Литмир - Электронная Библиотека
A
A

— Твой брат? Антон? Это тот, который стрелялся? Юлия тогда говорила. Вскользь говорила… В чем дело, Виктор? Почему ты? Не мучь себя. У тебя ум мешается. Скажи, скажи все. Я успокою. Ты сам над страхом своим улыбнешься.

— Антона я убил. Брата Антона. Раньше когда-то сестру убил… Надю…

И имя то Виктор прошептал шепотом дрожащим.

— Она недолго прожила бы. Может быть, полгода еще, может быть, месяц или день один. Но все же я убил Надю…

Опять шепотно мертво звякнуло слово это. И в никуда, в свой близкий ужас смотрел Виктор, и не видел Зою, и ей ли говорил:

— Убил. Она сама тогда сказала. И благодарила. И целовала. Но убил. Этот жил бы. Антон жил бы. Антон здоровый. У Антона не день отнял, не месяц. Убил и полстолетия отнял. Наши, коли смолоду здоровы, подолгу живут. Та одна была, и ужас смертный. И тяжело было. Теперь их двое. Оба придут. И не отойдут, пока… Страшно мне.

— Виктор, это ты первую свою картину вспомнил… Юлия говорила… Amor…

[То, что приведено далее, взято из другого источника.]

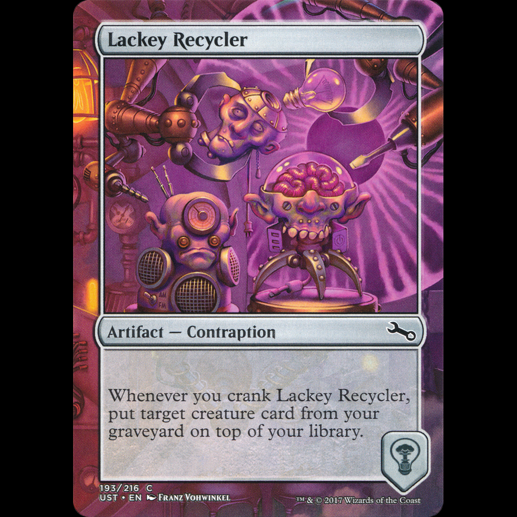 Whenever you crank this Contraption, put target creature card from your graveyard on top of your library.

— Никакой такой картины не было. А та была, она… она. И ныне, и всегда. А теперь их двое. Убил и не отойдут… Убил.

Говорил голосом тусклым, но ровным. Будто читал слова, на холсте написанные, на картине неоконченной своей.

— Виктор! Что говоришь? Ничего этого не было. Юлия говорила…

— Юлия не знает. И ты не знаешь. А я знаю. И нельзя вернуть. А брата Антона я дважды, может, убил. Нужно мне было с ним быть. Тогда бы он живой умер и радостный. А теперь там один он раньше смерти умер. Он мертвый умер. Я и ту дважды убил. И ту дважды. Но тогда не то…

— Виктор! Виктор!

— А теперь хочу быть один. Ну, не один, а чтоб ты ушла.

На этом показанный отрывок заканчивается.